113 So. 230 | Ala. | 1927
The appeal is a contest of election as to the stock law in district or election precinct No. 47, Jefferson county. The petition of contest was denied by the judge of probate after a hearing of the facts and a recount of the votes cast.
The usual presumptions obtain in support of a judgment in an election contest, based upon material testimony given ore tenus in open court and on documentary evidence. Garrett v. Cuninghame,
And it is the recognized rule or principle that a voter should not be disfranchised by the rejection of his ballot, in whole or in part, when it is clear that he made an honest effort to comply with the law and has on his part substantially complied with the statutory mandate or requirement. Black v.
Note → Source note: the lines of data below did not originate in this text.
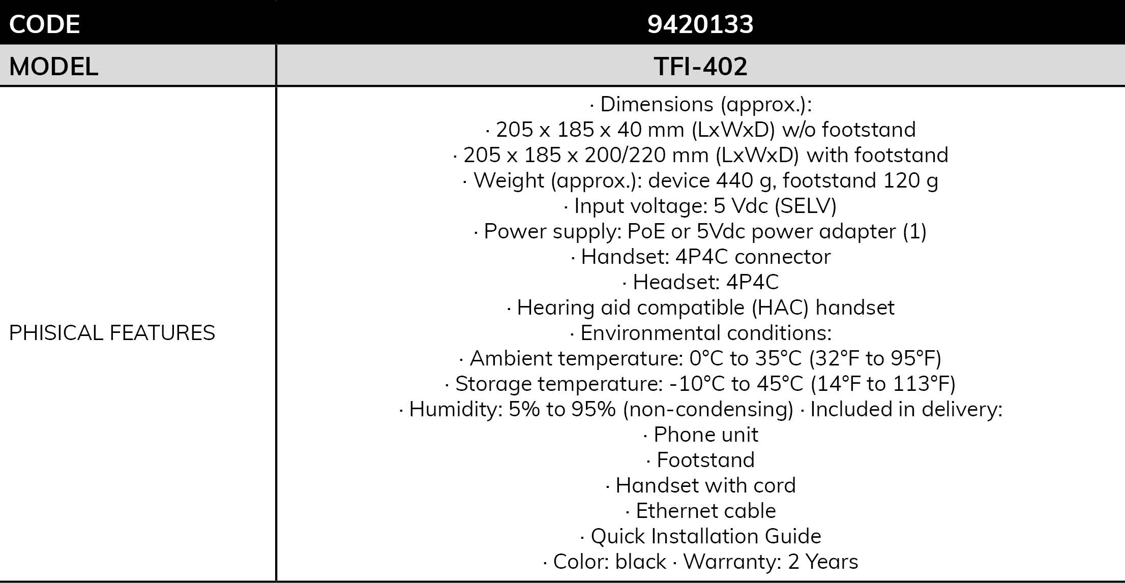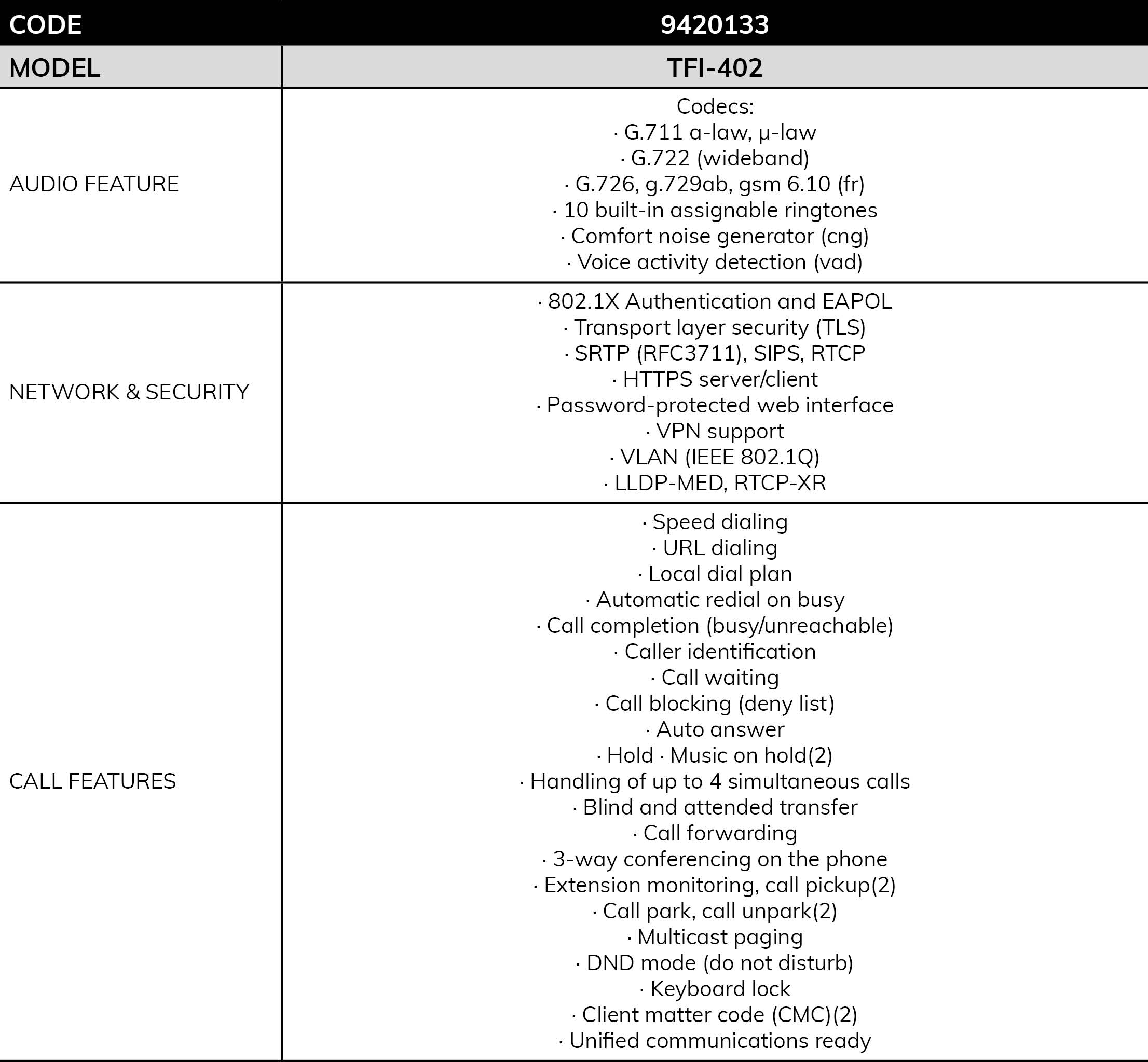 El TFI-402 es un teléfono de escritorio IP de última generación con todas las funciones para implementaciones de pequeña o gran escala adecuadas para su uso en una multitud de escenarios empresariales. Al admitir cuatro líneas SIP y cinco teclas programables con LED integrados para alertas visuales de indicación de llamadas, el TFI-402 combina un diseño útil y elegante para una alto uso con alto rendimiento y asequibilidad.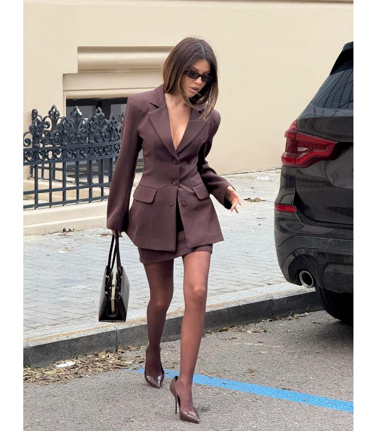 Pentru un look complet parisian, iti recomandam sa porti costumul cu Geanta Mocha (din piele naturala maro).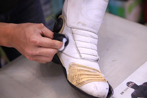 一般來說車靴有皮革的部分也有塑膠的區塊,有些較頂級款式的車靴在鞋頭的部分還有一層金屬滑塊。在清洗的時候建議先將鞋頭滑塊連同兩顆金屬螺絲一併拆下,之後一樣可以在皮革的部分使用皮革去汙清潔劑,塑膠的部分可用毛巾沾肥皂水擦拭,陰乾之後擦上皮革保養油就可以了。
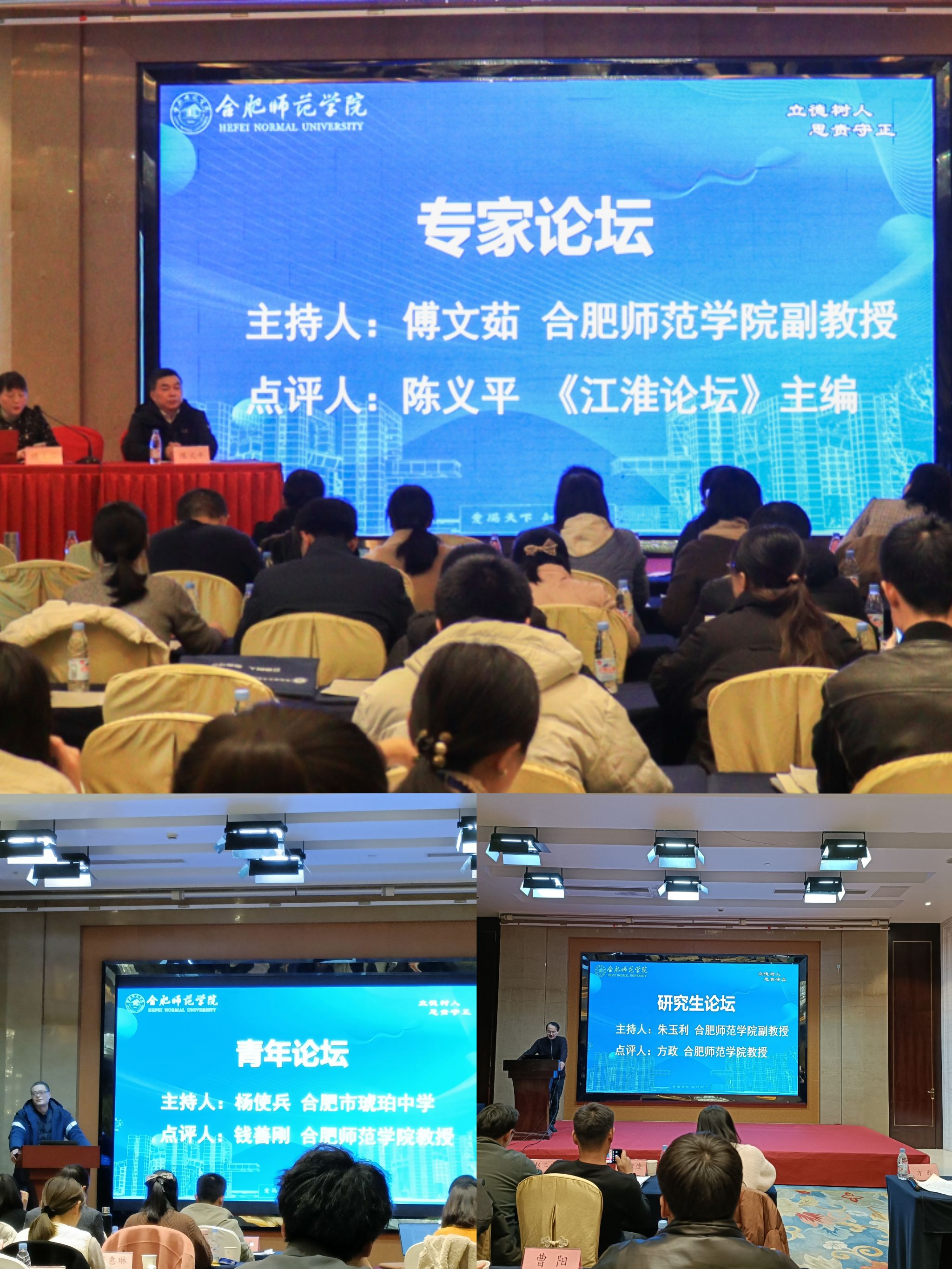 近70位与会人员分别在专家论坛、青年学者论坛和研究生论坛上,围绕思政课一体化建设、课程思政、家校社协调育人、德育与心育融通等议题,展开热烈交流与思想碰撞。论坛点评阶段,安徽省社科院党组成员、《江淮论坛》主编陈义平教授在点评中就大中小学思想政治教育一体化的研究,提出可围绕“四个有”即内容上有机整合、价值上有的链接、机制上有效衔接、方法上有序推进来提炼论文主题,可从“三个一”即瞄准一个研究对象、找到一个切入口、搭建一个分析框架来撰写高水平学术论文,对与会者启发很大。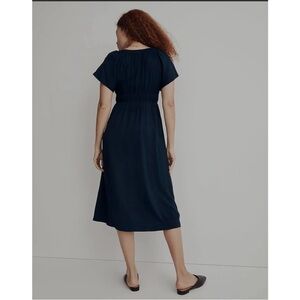 Madewell Sophia Split Neck Short Sleeve Midi Dress Navy size small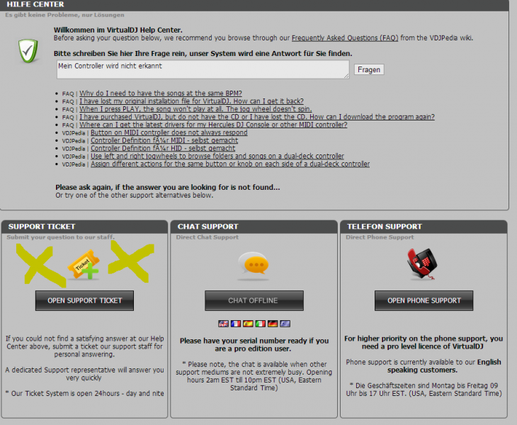 Dann öffnet sich dieses Fenster und du kannst ein Support Ticket ziehen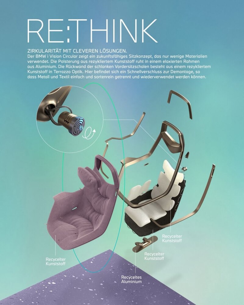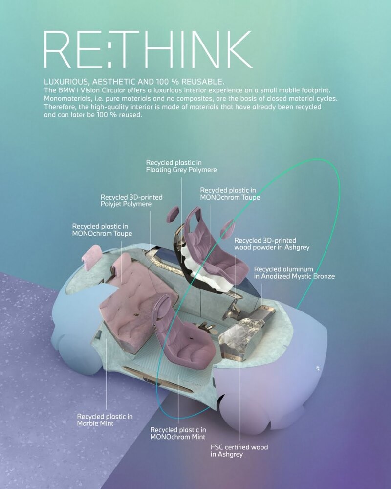 BMW i Vision Circular henüz konsept bir otomobil. Markanın 2040 vizyonunu yansıtıyor. Sürdürülebilirlik hedefleri kapsamında tasarlanan otomobil yüzde 100 geri dönüştürülebilir elektrikli bir araç ve bu dönüşüme araca güç veren pil de dahil. BMW, pillerin yüzde 100 geri dönüştürülebilir olduğunu ve neredeyse tamamen geri dönüşüm döngüsünden elde edilen malzemeler kullanarak üretilebileceğini söylüyor. Otomobilin geri kalanında da boya, deri, krom gibi standart bir araçta karşılaşabileceğimiz malzemeler kullanılmıyor. Ayrıca kompozit malzemeler yerine kablolar, çıtçıtlar ve çabuk açılıp kapanabilen bağlantı elemanları gibi akıllı bağlantılar tercih ediliyor. Otomobil bu bileşenler sayesinde çok hızlı bir şekilde birkaç aletle sökülüp parçalanabiliyor. Tabii aracın bu kadar rahat sökülüp birleştirilebiliyor olması akıllara bazı güvenlik sorunlarını da getiriyor olabilir ancak konsept otomobilin 2040 yılı vizyonunu yansıttığını unutmamakta fayda var.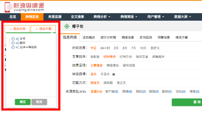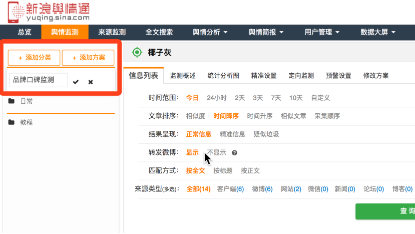 接下來(lái),就可以開始設(shè)置監(jiān)測(cè)方案了,點(diǎn)擊“添加方案”,在彈出的分類列表框內(nèi)選擇對(duì)應(yīng)的分類,點(diǎn)擊確定即可。其中,本處選擇“品牌口碑監(jiān)測(cè)”。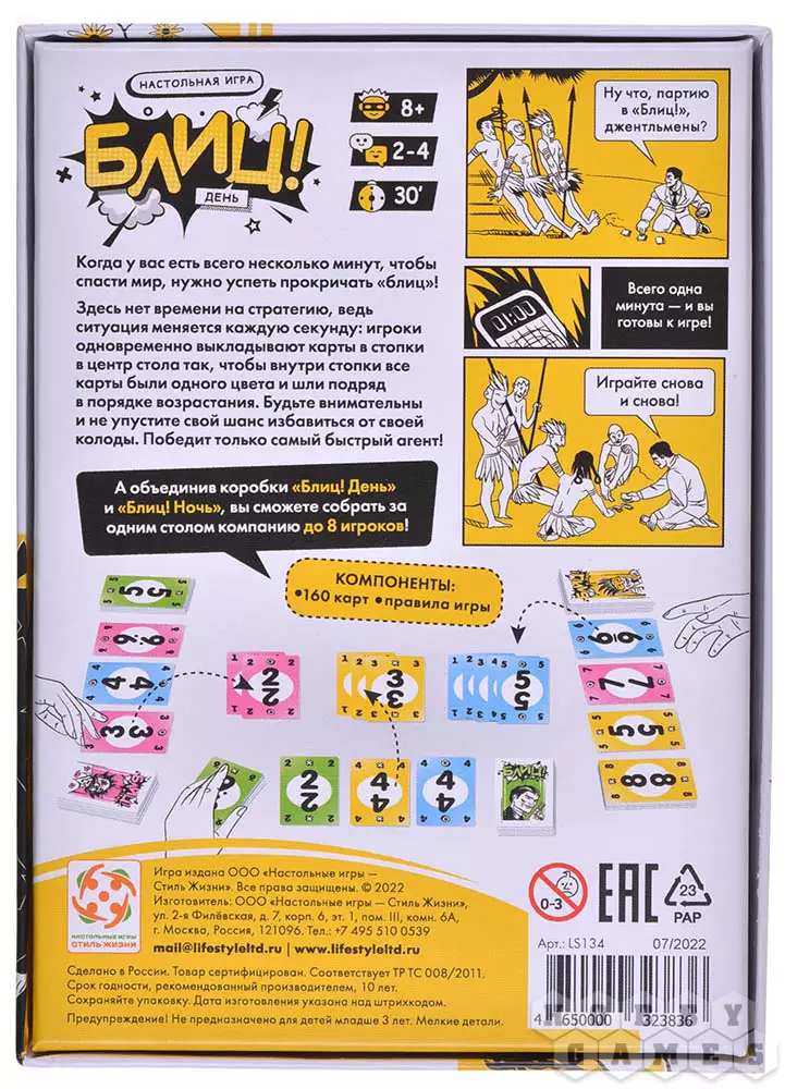 Объединив эту коробку с коробкой "Блиц: Ночь", вы сможете играть большой компанией до 8 человек!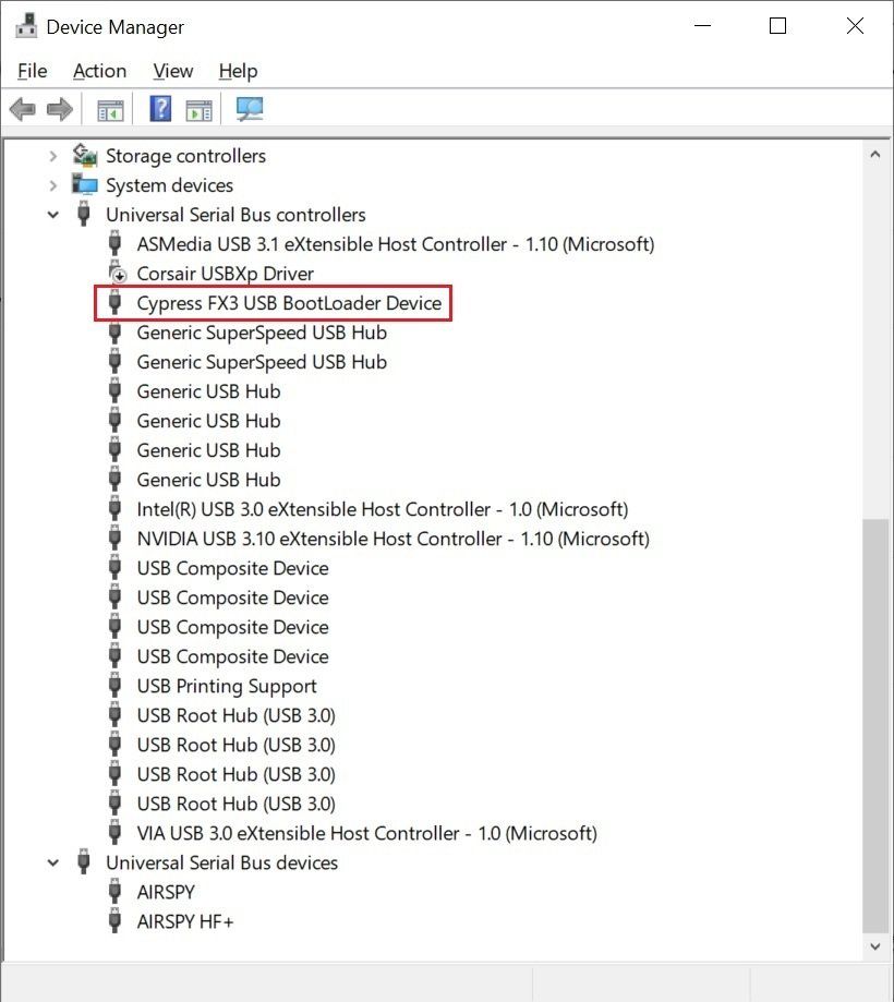 When you connect the RX-666 to your computer it will either show up as a WestBridge or Cypress FX3 device.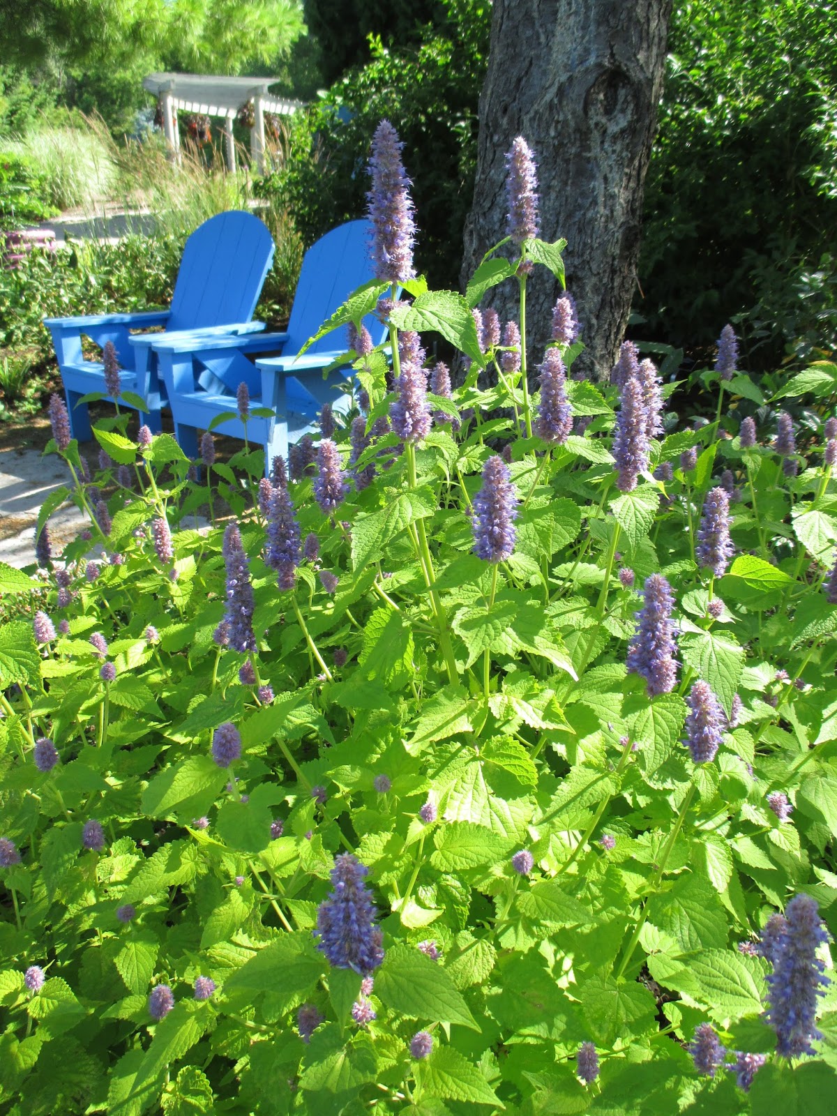 I'll admit that I was a bit worried that the rain predicted for both this past Saturday and Sunday didn't materialize. I envisioned a day full of irrigation, moving sprinklers and hand watering. Well, the sound of pounding rain and thunder early this morning allowed be to sleep well as we had a good 1" of rain come down and end just as our day started at 7 am. The day did get hot and muggy but this is the weather we've been waiting for to get our tropicals moving along like the 'Blue Angel' gentian sage (Salvia patens) seen directly above. The hummingbirds are going to like this one a lot.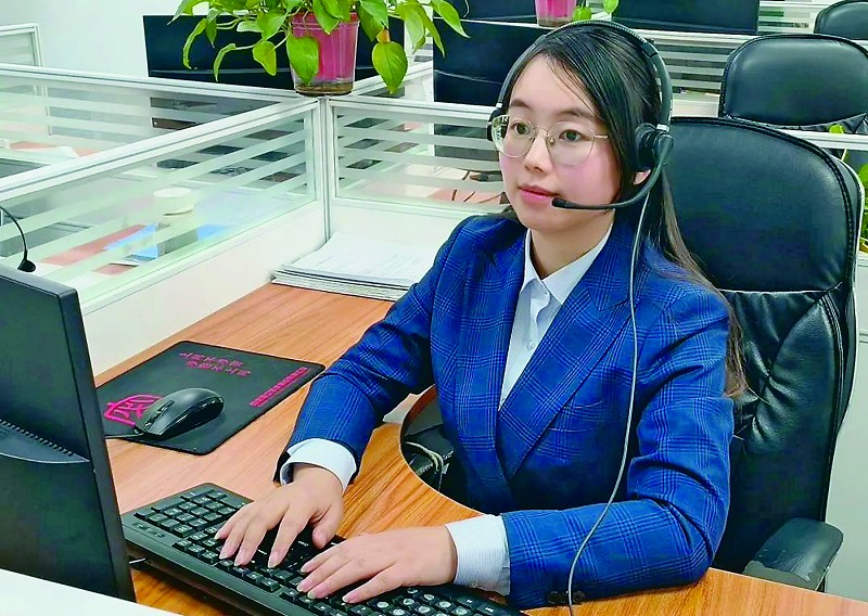 ▲ 谢姣边接听群众来电边记录工单。 王冬妮摄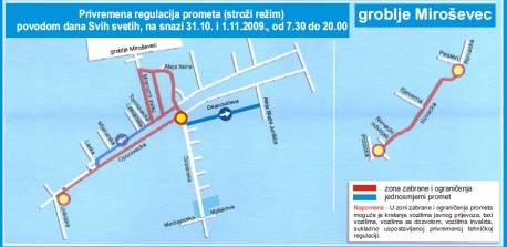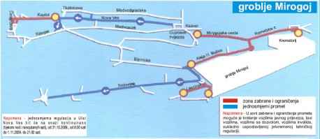 Privremena regulacija prometa i režim javnog prijevoza u zonama glavnih gradskih groblja, MIROGOJ i MIROŠEVEC, te na pojedinim lokacijama vezanim uz prilaze grobljima i uz organizaciju ZET-ovih linija, kao što su zone KAPTOL, SREBRNJAK i druge, provoditi će se od petka, 29. 10. do ponedjeljka, 02. 11. 2010. godine, a u zoni groblja MARKOVO POLJE, biti će na snazi od 23. 10. do 02. 11. 2010.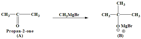 Step 2: Reaction of propan-2-one with Grignard reagent \( \text{CH}_3\text{MgBr} \)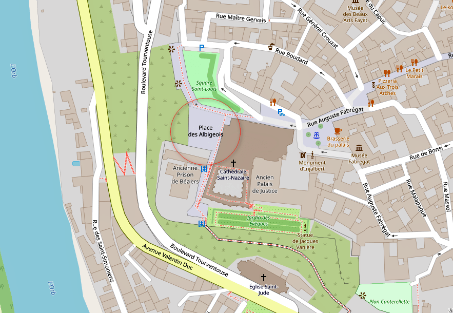 C’était avant la “Place St Louis” (1807) et au moyen-âge la “Place Saint Nazaire” ou “Cimetière de l’église Saint Nazaire”. La rue des Albigeois s’appelait “Rampe de St Louis” et “rue de la descente Tourventouse” (1807).

Pate,
It should be further stated that the declarations of section 546 of the Code of 1923 are:
"No malconduct, fraud, or corruption on the part of the inspector, clerk, marker, returning officer, board of supervisors, or other person, nor any offers to bribe, bribery, intimidation, or other malconduct which prevented a fair, free, and full exercise of the elective franchise, can annul or set aside any election unless thereby the person declared elected, and whose election is contested, be shown not to have received the highest number of legal votes, nor must any election contested under the provisions of this Code be annulled or set aside because of illegal votes given to the person whose election is contested unless it appears that the number of illegal votes given to such person, if taken from him, would reduce the number of votes given to him below the number of legal votes given to some other person for the same office. Nor must any election be annulled or set aside because of the rejection of legal votes unless it appears that such legal votes, if given to the person intended, would increase the number of his legal votes to or above the number of legal votes received by any other person for the same office"
— and apply to stock law elections. Section 10213, Code of 1923.
If there was a change in the precinct that would affect the election, the burden of showing such change and how affecting the election by reason of illegal votes rested upon contestants. In this burden of proof, the required proof failed. The mere proof that the county commissioners or board of revenue had not caused a description of the precinct, as changed, to be filed in the office of the judge of probate, was not sufficient to invalidate the election. The contestants never showed that the precinct was changed, and by reason of this change there were illegal votes cast sufficient to change the declared result, and of which they had given due notice (Code of 1923, § 551), and upon which they relied in the contest; that is to say, that the majority of the legal votes cast from that precinct were against the stock law, rather than favoring it, as returned by the proper officers and canvassed and declared by the duly constituted authority of the county. Code of 1923, § 545, subsecs. 3, and 4, and section 546; Shepherd v. Sartain,
The requirements as to notice were not complied with. Section 551, Code of 1923, is as follows:
"No testimony must be received of any illegal votes, or of the rejection of any legal votes in any contested election commenced under the provisions of this article, unless the party complaining thereof has given to the adverse party notice in writing of the number of illegal votes and by whom given and for whom given, and at what precinct or voting place cast, or the number of legal votes rejected, and by whom offered, and at what precinct or voting place cast, which he expects to prove on the trial. Such notice must be served personally or left at the residence or usual place of business of the adverse party at least ten days before the taking of testimony in reference to such votes."
This applies to all illegal votes, whether by reason of residence or precinct, disqualification, or illegal conduct or act of the elector,
We find no error in the record, and the judgment or decree is affirmed.
Affirmed.
ANDERSON, C. J., and SOMERVILLE and BROWN, JJ., concur.